Let's say I'm integrating 1/(3x+1)
Well, I know that it's going to look like ln |3x+1|
So I differentiate that by chain rule to get 3/(3x+1). I'm off by a factor of 3 -> antiderivative is 1/3 ln |3x+1| + constant

If you know what the antiderivative must look like, take a guess and then modify it. It's not a bad strategy given that ALL antiderivative rules come from differentiation.

[Maz]

thanky ou- can i ask one more question please?
how do you find the anti-derriative for (3x+2)^4?
because the rule- (ax+b)^n+1 / a(n+1) +c    isn't working on it... and how do you know when to use
this rule or another as (3x+2)^4 is in the same form as (ax+b)^n+1
the answer is 1/12*(3x+2)^4...i know the answer is right because i have checked with a few calculators and its the answer in
my textbook

[cosine]

thanky ou- can i ask one more question please?
how do you find the anti-derriative for (3x+2)^4?
because the rule- (ax+b)^n+1 / a(n+1) +c    isn't working on it... and how do you know when to use
this rule or another as (3x+2)^4 is in the same form as (ax+b)^n+1
the answer is 1/12*(3x+2)^4...i know the answer is right because i have checked with a few calculators and its the answer in
my textbook

Why won't the rule work? Remember:

So a = 3, b = 2 and n = 4

Plug these into your formula to yield:

[Maz]

because thats the wrong answer...the answer is
1/12 (3x+2)^4 and i know that answer is right because I've checked with a couple of calculators
and thats the answer in my textbook

[lzxnl]

because thats the wrong answer...the answer is
1/12 (3x+2)^4 and i know that answer is right because I've checked with a couple of calculators
and thats the answer in my textbook

If that's the right answer, you've most likely typed the question wrong. Your function is an antiderivative of (3x+2) cubed, not to the fourth power.

[Adequace]

Can someone help me with the attached? I'm stuck on what to do after my last line, I tried doing solving it from there in another book and my answer was ab/(c-a) when the answer is ab/(a-b-c).

Thanks.

Edit: My working http://imgur.com/1LtnZaG

[keltingmeith]

Can someone help me with the attached?

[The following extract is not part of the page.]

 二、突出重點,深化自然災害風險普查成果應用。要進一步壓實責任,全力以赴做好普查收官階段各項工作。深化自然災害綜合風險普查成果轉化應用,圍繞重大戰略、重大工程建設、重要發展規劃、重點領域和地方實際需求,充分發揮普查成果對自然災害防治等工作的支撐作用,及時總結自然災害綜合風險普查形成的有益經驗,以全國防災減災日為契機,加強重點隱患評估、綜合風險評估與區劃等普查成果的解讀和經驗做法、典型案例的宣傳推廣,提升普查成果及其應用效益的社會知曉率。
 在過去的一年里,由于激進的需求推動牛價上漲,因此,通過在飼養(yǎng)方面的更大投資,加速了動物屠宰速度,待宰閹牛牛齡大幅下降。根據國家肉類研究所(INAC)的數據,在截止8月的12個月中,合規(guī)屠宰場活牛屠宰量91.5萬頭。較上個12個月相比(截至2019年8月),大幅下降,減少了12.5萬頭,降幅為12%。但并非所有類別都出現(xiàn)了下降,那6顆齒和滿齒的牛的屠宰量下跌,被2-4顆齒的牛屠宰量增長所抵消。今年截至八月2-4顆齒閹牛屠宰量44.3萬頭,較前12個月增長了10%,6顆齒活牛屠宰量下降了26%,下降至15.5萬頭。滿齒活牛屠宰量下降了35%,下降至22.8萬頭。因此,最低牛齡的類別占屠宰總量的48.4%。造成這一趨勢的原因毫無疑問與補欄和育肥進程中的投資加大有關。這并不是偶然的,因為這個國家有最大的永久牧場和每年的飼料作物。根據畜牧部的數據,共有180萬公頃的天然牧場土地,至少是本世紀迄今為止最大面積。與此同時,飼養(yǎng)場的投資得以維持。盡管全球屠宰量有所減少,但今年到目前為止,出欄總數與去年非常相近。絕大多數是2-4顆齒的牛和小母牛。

I'm stuck on what to do after my last line, I tried doing solving it from there in another book and my answer was ab/(c-a) when the answer is ab/(a-b-c).

Thanks.

Sure. Where's the attached?

[Adequace]

Sure. Where's the attached?

Oh whoops. I reattached it to my original post, the picture of my working is too big apparently though.

[Maz]

haha- i looked at the answer to a different one- so sorry...thankyou btw

[bills]

Two questions:
1. Find the inverse function of the following:
f: R \ {3} -> R, f(x) = 1/(x-3) + 1
My answer was f^-1: R \ {1} -> R, f^-1(x) = 1/(x-1) + 3, but apparently the answer is f^-1: R \ {1} -> R, f^-1(x) = 3/(x-1) + 2. Is the book wrong?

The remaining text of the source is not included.